'Impeachment' Brings Yawns in the Capital nytimes.com
On that subject, there's this article from the Sunday NYT. All a bit surreal. Slouching toward disengagement. Conclusion from old Watergate hand Len Garment:
The issues that provoked this clash between the executive and legislative branches are less threatening to the Constitution than those in Watergate, say some who lived through both. "There was a sense of awe and of great drama," recalled Elizabeth Drew, a journalist who covered Watergate for The New Yorker. Now, she said, "the issues involved are nowhere near the scale."
Terry Eastland, the publisher of the American Spectator, said people simply did not want to follow a story when they thought they knew the end, and they believed that the Senate would not convict Clinton.

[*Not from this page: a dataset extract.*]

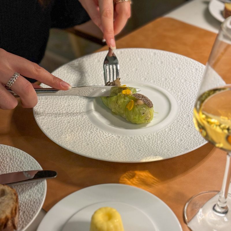 La première entrée joue la carte de l’élégance et de l’équilibre. Le poireau est sublimé par la truffe sans jamais être éclipsé. Le citron caviar vient apporter une touche de fraîcheur parfaitement maîtrisée. Une assiette tout en finesse.

Garment, the lawyer, saw something deeper, an anesthesia and amnesia producing a "dazed Disneyland" in modern politics.
"The end of the cold war ended a sense of apprehension that major political events can affect our lives in a very serious way," he said. "There's a collapse of a sort of emotional memory about vital, energetic, pointed, pungent politics. It's just all games, dirty jokes."
Or just politics, in the depressing modern sense. Me, I don't watch tv, I was listening a little on the radio in the car, but after a couple minutes I realize the kids shouldn't be hearing it. I hate it when that happens.